### Work item
I'd like the data below restated word for word, with the pictures left out.

### Dataset section

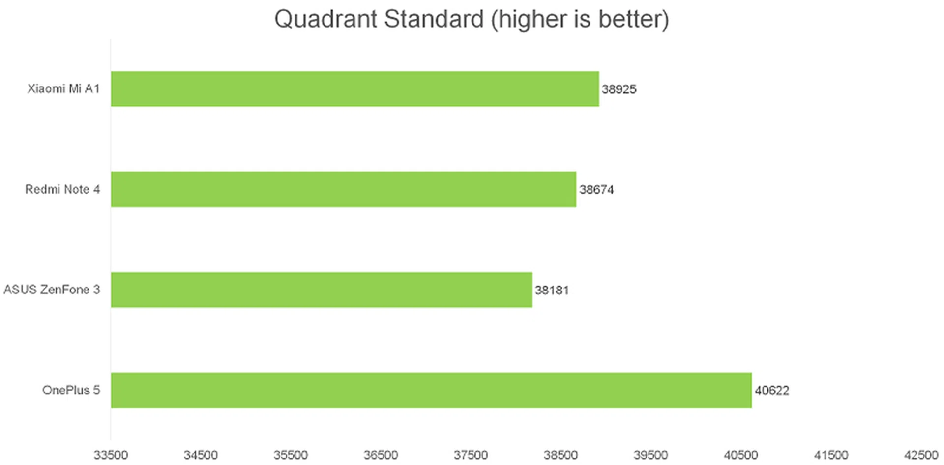 Quadrant is an Android benchmark that evaluates a device's CPU, memory, I/O and 3D graphics performances. Again, the Mi A1 showed about the same performance as the Redmi Note 4, however it wasn't significantly worse than the OnePlus 5.
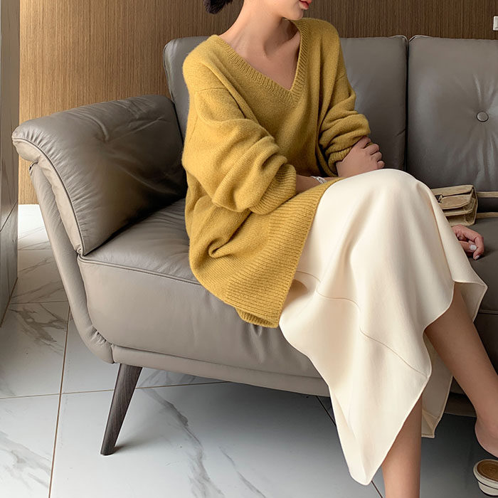 Кашемировый длинный трикотажный модный свитер, V-образный вырез, оверсайз, средней длины
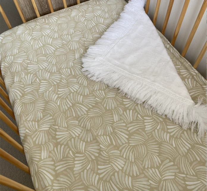 Our watercolour painted jersey cotton cot sheet in this gorgeous sandy shell design.

### Expected answer
 Quadrant is an Android benchmark that evaluates a device's CPU, memory, I/O and 3D graphics performances. Again, the Mi A1 showed about the same performance as the Redmi Note 4, however it wasn't significantly worse than the OnePlus 5.
 Кашемировый длинный трикотажный модный свитер, V-образный вырез, оверсайз, средней длины
 Our watercolour painted jersey cotton cot sheet in this gorgeous sandy shell design.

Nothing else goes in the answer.